What you are asked to do:
Transcribe the entries exactly as they stand below, passing over any picture.

Given entries:
◆ ◆ ◆ ◆ ◆ ◆ ◆
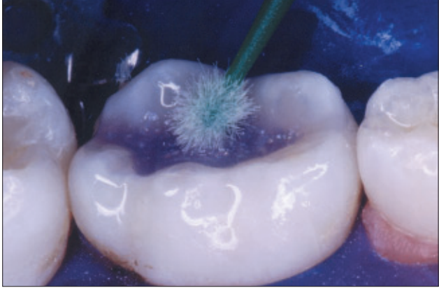
Figure 7. Clear sealant is applied after 15 second-application of the self-etching adhesive solution.
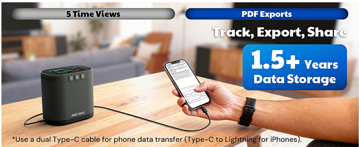
Image: The HOUND-3786 screen showing built-in data charts and historical data storage for over 1.5 years.

The device stores over 1.5 years of historical data, which can be viewed directly on the unit through built-in charts. For detailed analysis, you can easily export PDF reports to your phone or computer using the charging data cable. No additional app or lab services are required for data export.
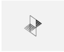
228-20101, W 2 end caps
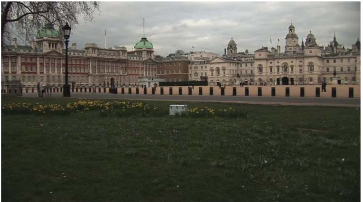
„Suitcase“, 2008, video 13 min. (loop)

Hazard Cycle is being realised by 4! group since 2007. Four images have been produced until now: "Tent", "Ball", "Axe" and "Suitcase". Altogether, they build a multi-channel, interconnected video installation. Their soundtracks fill the space, overlap and compete with each other. "Axe" for four minutes and fifty seconds drowns out the rest of pieces which fall silent for five minutes and ten seconds. "Ball" fills the opposite space, simply distorted music emphasizes the atmosphere of the image. "Tent" consists of two panoramic projections juxtaposed to recount a sad story of two girls who made their getaway to the wood. "Suitcase" is a video initiating the second part of the cycle which will concentrate on "still lifes in action". As opposed to the first cycle which took shape of portraits, the second one will focus on objects involuntarily coming into life in a space filled with noise.
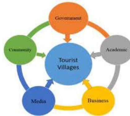
Figure 2. Pentahelix Model in Tourism Village Development
◆ ◆ ◆ ◆ ◆ ◆ ◆
Output of the task:
Figure 7. Clear sealant is applied after 15 second-application of the self-etching adhesive solution.
Image: The HOUND-3786 screen showing built-in data charts and historical data storage for over 1.5 years.

The device stores over 1.5 years of historical data, which can be viewed directly on the unit through built-in charts. For detailed analysis, you can easily export PDF reports to your phone or computer using the charging data cable. No additional app or lab services are required for data export.
228-20101, W 2 end caps
„Suitcase“, 2008, video 13 min. (loop)

Hazard Cycle is being realised by 4! group since 2007. Four images have been produced until now: "Tent", "Ball", "Axe" and "Suitcase". Altogether, they build a multi-channel, interconnected video installation. Their soundtracks fill the space, overlap and compete with each other. "Axe" for four minutes and fifty seconds drowns out the rest of pieces which fall silent for five minutes and ten seconds. "Ball" fills the opposite space, simply distorted music emphasizes the atmosphere of the image. "Tent" consists of two panoramic projections juxtaposed to recount a sad story of two girls who made their getaway to the wood. "Suitcase" is a video initiating the second part of the cycle which will concentrate on "still lifes in action". As opposed to the first cycle which took shape of portraits, the second one will focus on objects involuntarily coming into life in a space filled with noise.
Figure 2. Pentahelix Model in Tourism Village Development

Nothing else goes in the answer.